Yes, it seems you have fully understood because I also implemented the alternatives you indicated. As you may be interested, let me share different methods' (dis) similarities regarding my research hypothesis testing results and also my questions regarding these.
1. I followed the method suggested by Logan et al. (2022). Accordingly, I applied CFA including all ordinal latent variables, and then extracted factor scores via the Ten Berge method. I used the function of psych::factor.scores for this because it can process the polychoric correlation resulting from the CFA.
Logan, J.A.R., Jiang, H., Helsabeck, N. et al. Should I allow my confirmatory factors to correlate during factor score extraction? Implications for the applied researcher. Qual Quant 56, 2107–2131 (2022). https://doi.org/10.1007/s11135-021-01202-x
2. I am not able to use the function SAM because one of my latent variables is second-order latent variable and the function has not supported it yet. Alternatively, I again applied CFA including all ordinal latent variables. Then, I used lavPredict (fitted.cfa.object, method = "ebm", transform = TRUE). Using latent variable scores with control variables, I proceeded to the path analysis using the sem function.
3. Before using the blavaan package, as you stated, I applied CFA with DWLS (not with ML, as my variables are ordinal), and got good fit indices. Then, I ran the same model using bcfa (burniin = 500 and sample = 1000). Even in this case, it took around 8 hours for its fitting and the resulting size of the object exceeded 1 GB so I unfortunately could not see and save the results. However, I have seen the warning that the rhat values are greater than 1 so, it needs more iterations for convergence. Now, to overcome this limitation, I subscribed to the upper version of Posit Cloud. I started to run the model 10 hours ago on this platform
(burniin = 1000 and sample = 10000), it is still now processing. I hope to get a result. Is there any free alternative here, for example, can I run the code directly on R and save the result to overcome the 1 GB memory limitation imposed by RStudio?

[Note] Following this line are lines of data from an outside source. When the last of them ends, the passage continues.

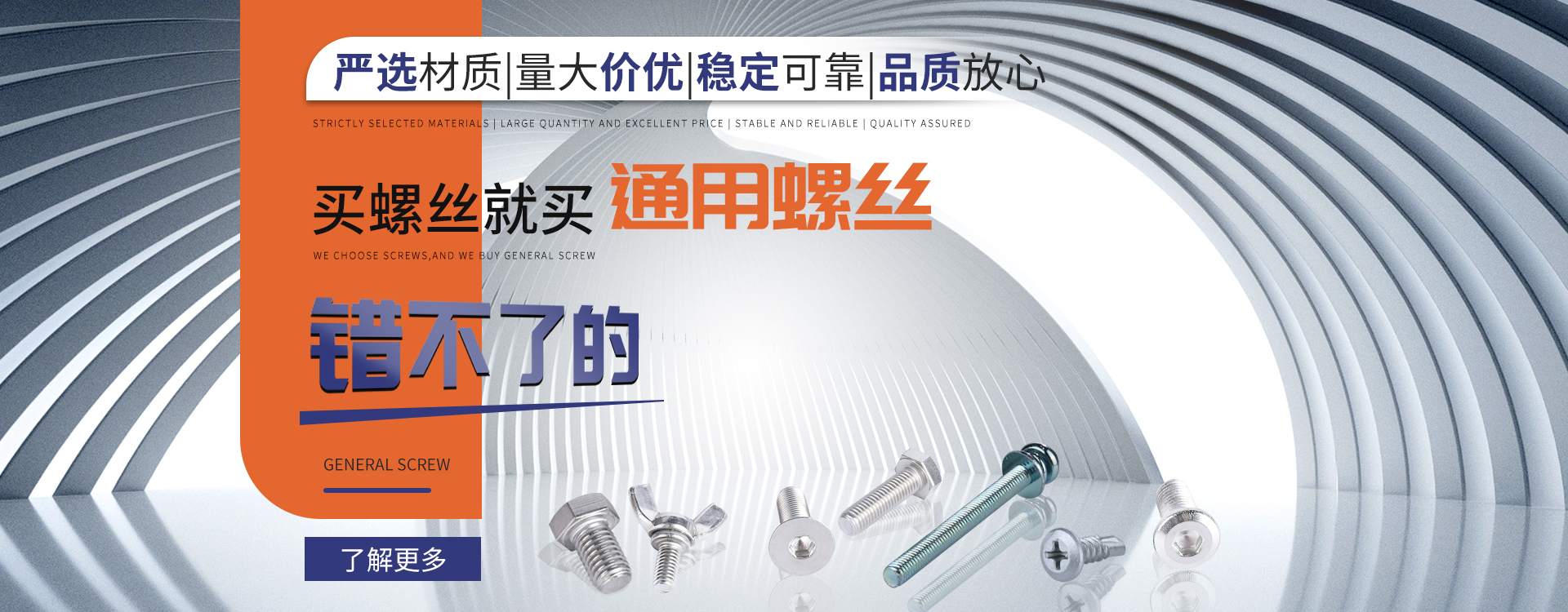 中山市通用螺絲制造有限公司成立于1987年,工廠坐落于廣東四小虎之一的中山市,北連廣州,毗鄰港澳。總占地面積14000m 2,足有兩個(gè)足球場(chǎng)。我司于1998年通過(guò)德國(guó)萊茵TUV ISO9002認(rèn)證,于2002年通過(guò)TUV ISO9001:2000認(rèn)證。2008年通過(guò)ISO 14000認(rèn)證。我司主營(yíng)自攻螺絲、組合螺絲、機(jī)械螺絲、防松螺絲等標(biāo)準(zhǔn)和非標(biāo)準(zhǔn)件,我司既可按客戶(hù)的要求提交所需的產(chǎn)品,也可以為客戶(hù)量身定做所需產(chǎn)品。我司擁有專(zhuān)業(yè)的產(chǎn)品檢測(cè)隊(duì)伍和投影分析儀、金相、硬度計(jì)(韋氏和洛氏)、扭矩力測(cè)試計(jì)等完善的檢測(cè)設(shè)備,為電子、電器、五金塑料、衛(wèi)浴、家具、機(jī)械、汽配等行業(yè)提供符合歐盟質(zhì)量、環(huán)保要求的產(chǎn)品。2006年,我司自主開(kāi)發(fā)的ERP管理系統(tǒng),使我們的生產(chǎn)和服務(wù)效率得到了極大的提高。 經(jīng)過(guò)三十多年地摸爬滾打,依靠眾多新老顧客的支持,通用螺絲逐漸成長(zhǎng)為國(guó)內(nèi)知名的緊固件供應(yīng)商。了解更多 >>
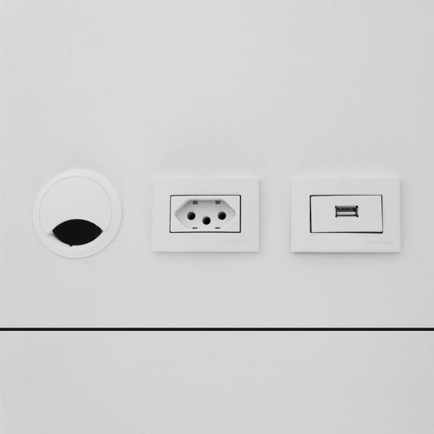 Divisória em MDF (Medium Density Fiberboard) de 14 mm com acabamento em pintura laqueada e madeira maciça (Tauari) tingida com aplicação de verniz. Para uso com estação de trabalho dupla e complemento da mesma linha (vendidos separadamente).Estação de trabalho, dupla, com base em madeira maciça (Tauari) tingida com aplicação de verniz e tampo em MDF (Medium Density Fiberboard) de 18 mm revestido com lâmina de PET. Possui 2 tomadas, 2 entradas USB e sapatas plásticas niveladoras.
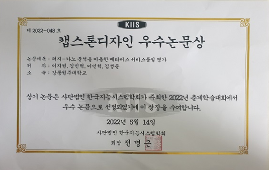 과학기술대학 산업경영공학과, 한국지능시스템학회 「캡스톤디자인 우수논문상」 수상
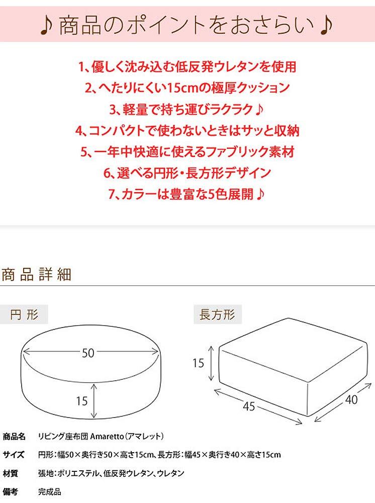 長時間座っているとお尻が痛くなる、クッションが薄くてすぐにへたってしまう、あぐらをかくと腰が疲れる…そんなお悩みの方のためのリビング座布団「Amaretto(アマレット)」。

4. As the last alternative, I applied CFA (bcfa) separately for each latent variable as you suggested to save their factor scores for further path analysis. As the model size gets smaller, I managed to run more iterations in blavaan (e.g., up to
(burnin = 1000 and sample = 4500) within 1GB memory constraints. Almost all my models have the PPP value of zero. So, should not I consider this for poor model fit as I do not have any missing values? Moreover, in a few of my models, I again got the warning that rhat values are greater than 1 so, the model needs more iterations for convergence. How critical is this warning (do they affect latent variable scores significantly)? If I increase the number of iterations to very high values, how likely to get rid of this warning do you think? To sum up, is it worth making extra effort?
When I applied the methods 1, 2, and 4 above to test my research model, I have seen that the 2 and 4 have very similar results. The first one does not show the opposite results but does not find significant effects for the many relationships tested in the model on contrary to the 2 and 4. Do you have any comment regarding the above alternative ways regarding which one is methodologically more appropriate?
Sorry for this long post but your comments and answers will be very helpful.